## Prompt
Nothing but the lines from the one including "受校長胡軍的委托,暨南大學副" through the last line of the entries, restated exactly, should appear in the answer; omit the pictures.

## Materials provided

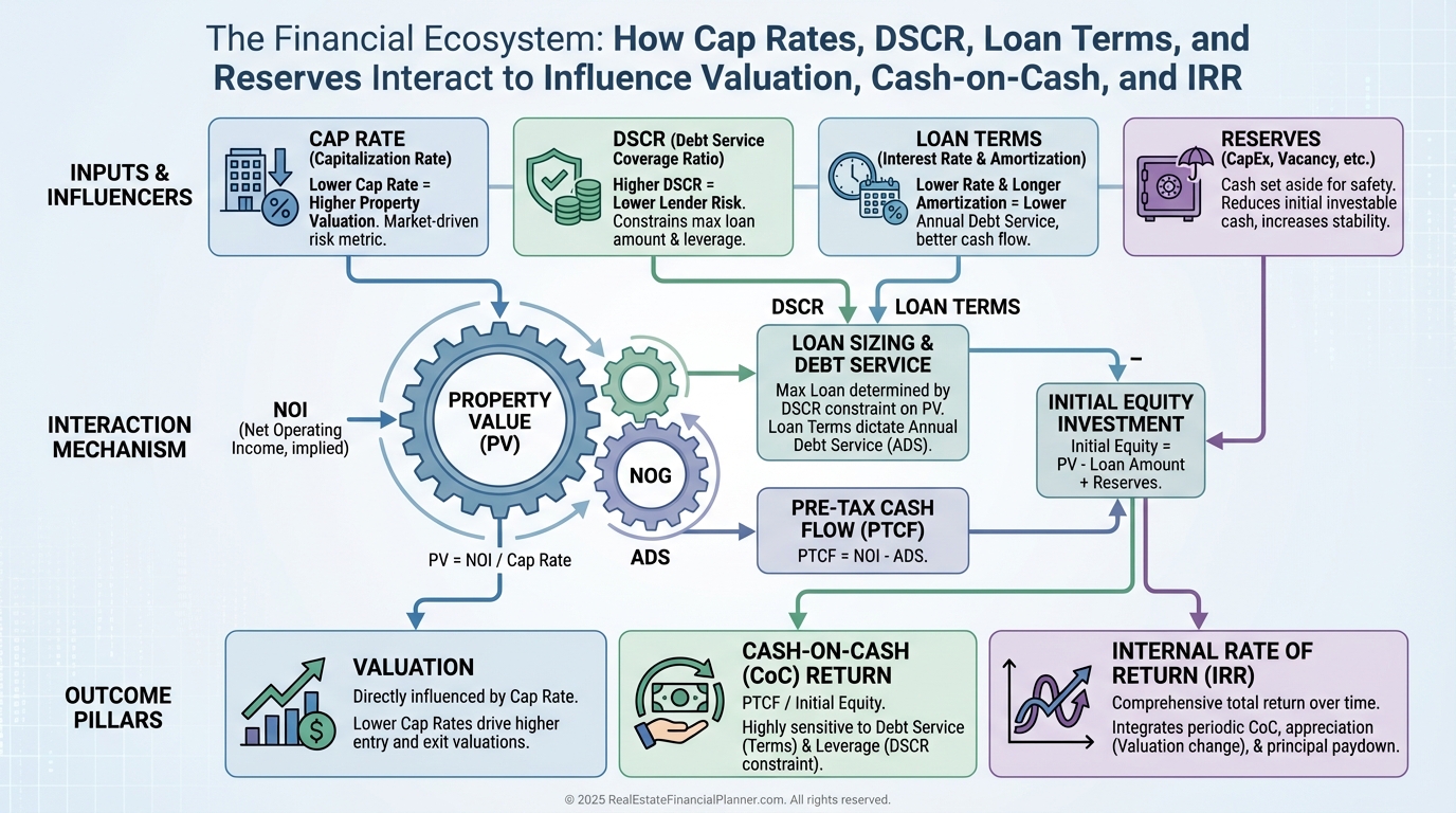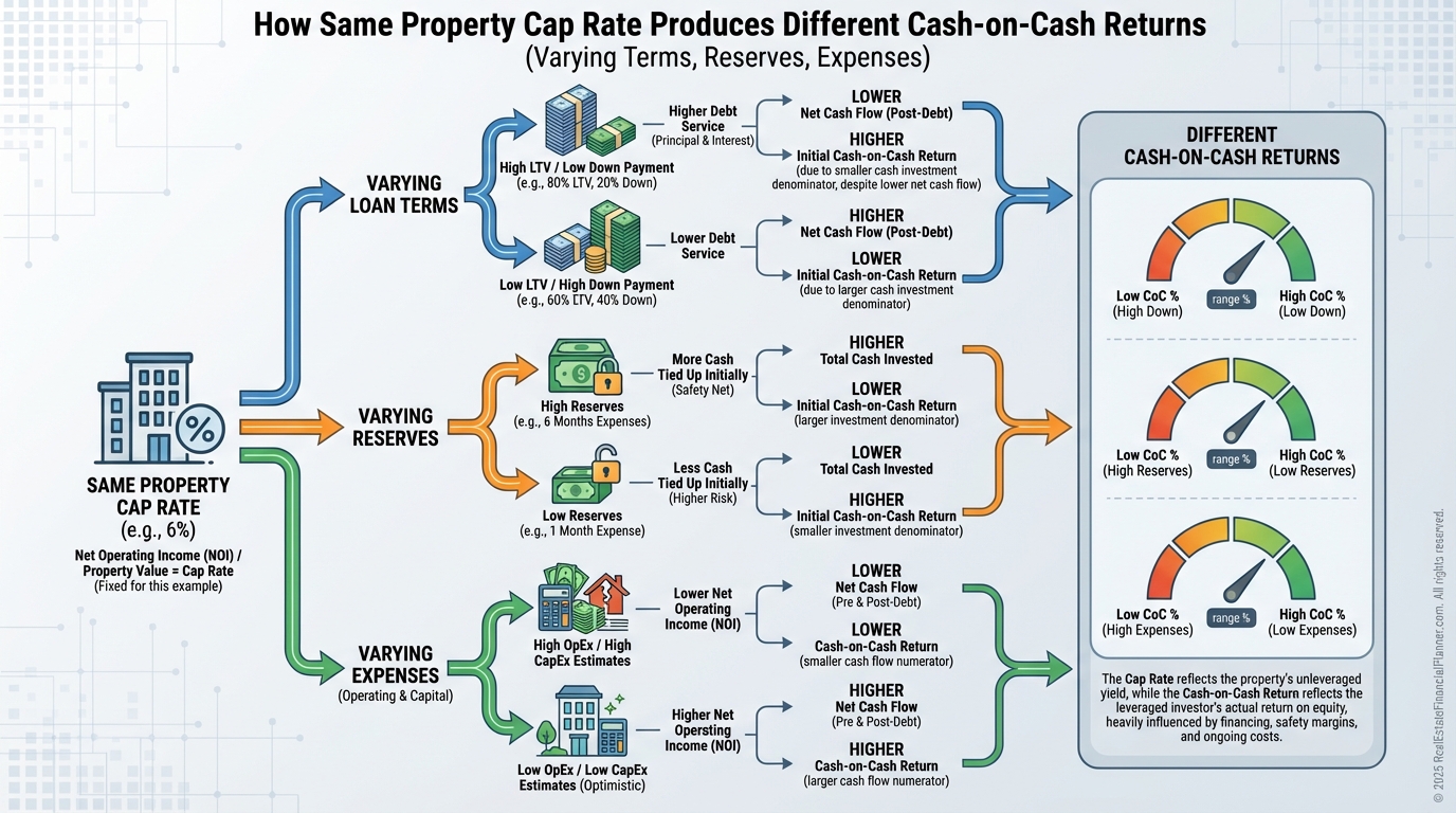Cap rate is a property metric. Cash-on-cash is an investor metric. Leverage and loan terms bridge the gap between them.
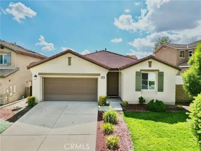 Welcome to this beautiful home, built in 2015, nestled in the highly sought-after Rosena Ranch community. With its commuter-friendly location near the 15 freeway, you'll enjoy easy access to shopping centers, CSUSB, and everything the area has to offer. Step inside to find two well-appointed bedrooms and a full bathroom right off the entryway. The home then opens up to a spacious formal dining room that seamlessly flows into the open-concept kitchen and living area. Perfect for entertaining, the living room boasts a cozy fireplace and connects effortlessly to the kitchen. The kitchen is a chef's delight, featuring elegant granite countertops, matching appliances, and abundant cabinet space for all your storage needs. Retreat to the generously sized primary bedroom, complete with a walk-in closet. The en-suite bathroom offers dual sinks, a separate shower, and a relaxing soaking tub. Convenience is key with a laundry room located in the hallway, offering plenty of storage and direct access to the attached 2-car garage. Step outside to a well-maintained backyard, featuring a cozy patio, manicured lawn, and a spacious side yard, perfect for outdoor activities or gardening. This property is a true gem and an absolute must-see!
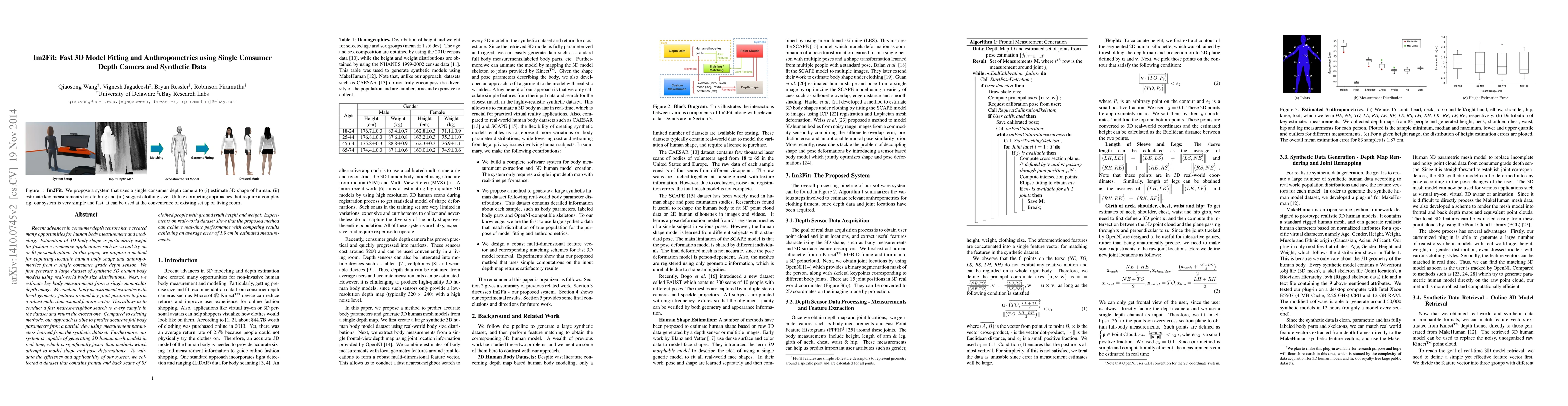 Recent advances in consumer depth sensors have created many opportunities for human body measurement and modeling. Estimation of 3D body shape is particularly useful for fashion e-commerce applications such as virtual try-on or fit personalization. In this paper, we propose a method for capturing accurate human body shape and anthropometrics from a single consumer grade depth sensor. We first generate a large dataset of synthetic 3D human body models using real-world body size distributions. Next, we estimate key body measurements from a single monocular depth image. We combine body measurement estimates with local geometry features around key joint positions to form a robust multi-dimensional feature vector. This allows us to conduct a fast nearest-neighbor search to every sample in the dataset and return the closest one. Compared to existing methods, our approach is able to predict accurate full body parameters from a partial view using measurement parameters learned from the synthetic dataset. Furthermore, our system is capable of generating 3D human mesh models in real-time, which is significantly faster than methods which attempt to model shape and pose deformations. To validate the efficiency and applicability of our system, we collected a dataset that contains frontal and back scans of 83 clothed people with ground truth height and weight. Experiments on real-world dataset show that the proposed method can achieve real-time performance with competing results achieving an average error of 1.9 cm in estimated measurements.
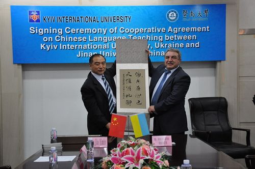 受校長胡軍的委托,暨南大學副校長賈益民于9月29日下午代表學校與烏克蘭基輔國際大學校長哈恰圖良簽署了兩校漢語教學合作協議書。在簽字儀式上,賈益民向來賓介紹了暨大的辦學情況,并講解了該校在辦學過程中形成的一整套,從教學、科研、教材編寫到海外教育項目開發的對外漢語教學辦學體系,暨南大學很樂意以優質的教學資源為有需要的國家提供漢語教學支持。哈恰圖良對暨大的熱情接待表示感謝,他盛贊中國是一個具有悠久歷史和文化傳統的偉大國家,漢語熱在世界范圍內的興起就是最好的佐證。目前烏克蘭對漢語的需求很旺盛,學習漢語的人也越來越多,希望暨南大學在教學、師資等方面給予支持,全力推動烏克蘭的漢語教學工作。雙方簽署正式協議后將在建立漢語教學點、聯合培養研究生、互相協助招生等方面開展實質性合作。
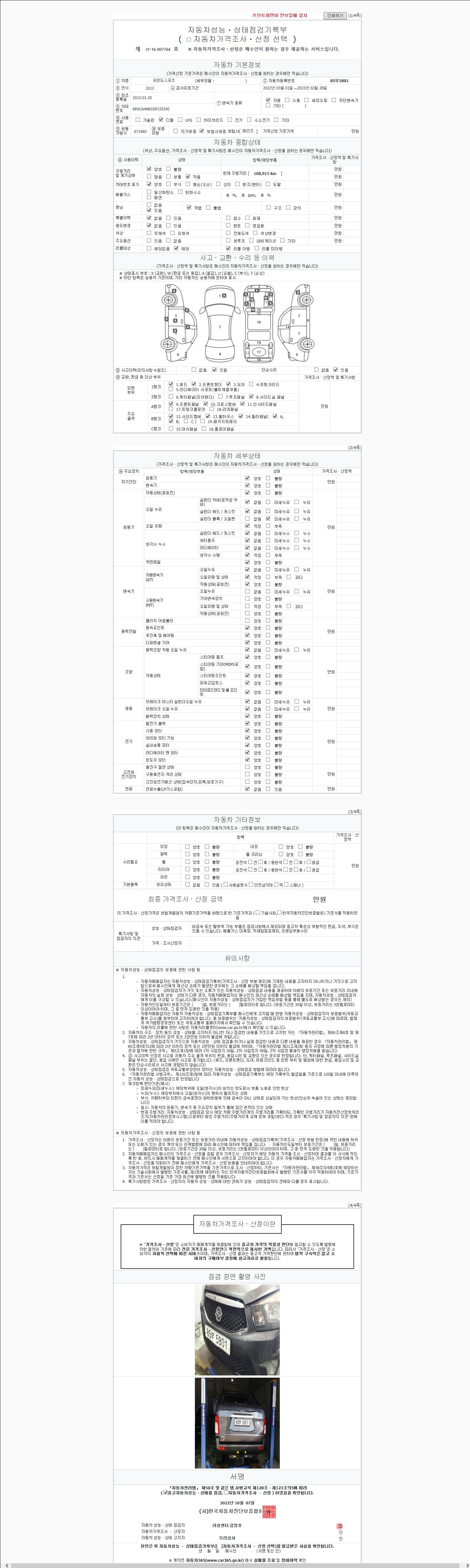 2. 차량 등록증이나 성능점검지 등을 상담자에게 요청및 확인하시고 사전에 미리 점검 하시기를 권유드립니다.
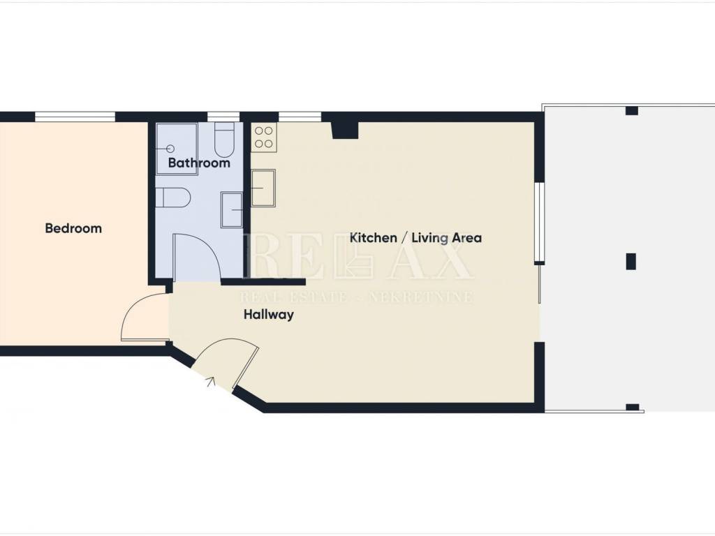 It consists of one bedroom, bathroom, living room connected to the kitchen and dining room, and two balconies - one covered and one open, with a total area of 9.81 m2.
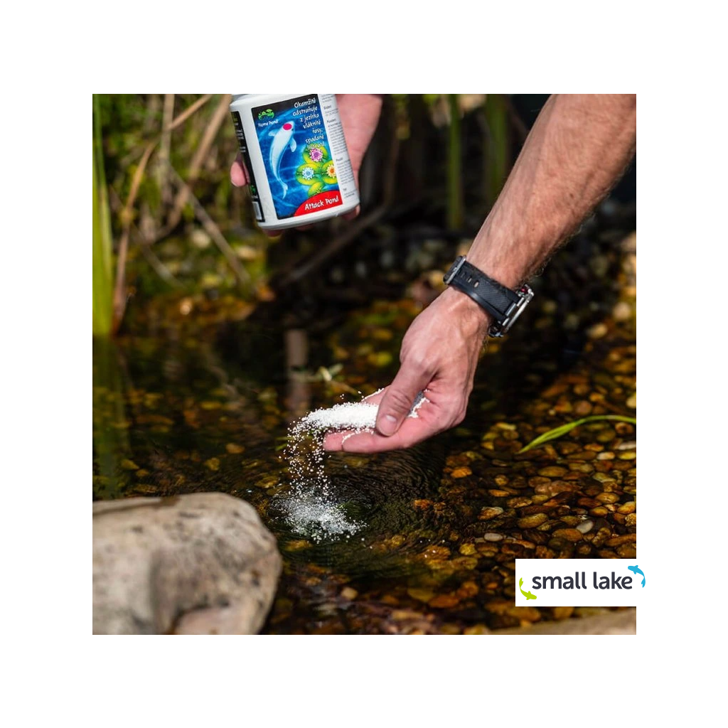 Upozornění: Použití Attack Pond je zcela bezpečné pro vodní rostliny, ryby i všechny ostatní živočichy. Voda z jezírka se po aplikaci dá bez obav využít i k zalévání zahrady.

## Completed exercise
 受校長胡軍的委托,暨南大學副校長賈益民于9月29日下午代表學校與烏克蘭基輔國際大學校長哈恰圖良簽署了兩校漢語教學合作協議書。在簽字儀式上,賈益民向來賓介紹了暨大的辦學情況,并講解了該校在辦學過程中形成的一整套,從教學、科研、教材編寫到海外教育項目開發的對外漢語教學辦學體系,暨南大學很樂意以優質的教學資源為有需要的國家提供漢語教學支持。哈恰圖良對暨大的熱情接待表示感謝,他盛贊中國是一個具有悠久歷史和文化傳統的偉大國家,漢語熱在世界范圍內的興起就是最好的佐證。目前烏克蘭對漢語的需求很旺盛,學習漢語的人也越來越多,希望暨南大學在教學、師資等方面給予支持,全力推動烏克蘭的漢語教學工作。雙方簽署正式協議后將在建立漢語教學點、聯合培養研究生、互相協助招生等方面開展實質性合作。
 2. 차량 등록증이나 성능점검지 등을 상담자에게 요청및 확인하시고 사전에 미리 점검 하시기를 권유드립니다.
 It consists of one bedroom, bathroom, living room connected to the kitchen and dining room, and two balconies - one covered and one open, with a total area of 9.81 m2.
 Upozornění: Použití Attack Pond je zcela bezpečné pro vodní rostliny, ryby i všechny ostatní živočichy. Voda z jezírka se po aplikaci dá bez obav využít i k zalévání zahrady.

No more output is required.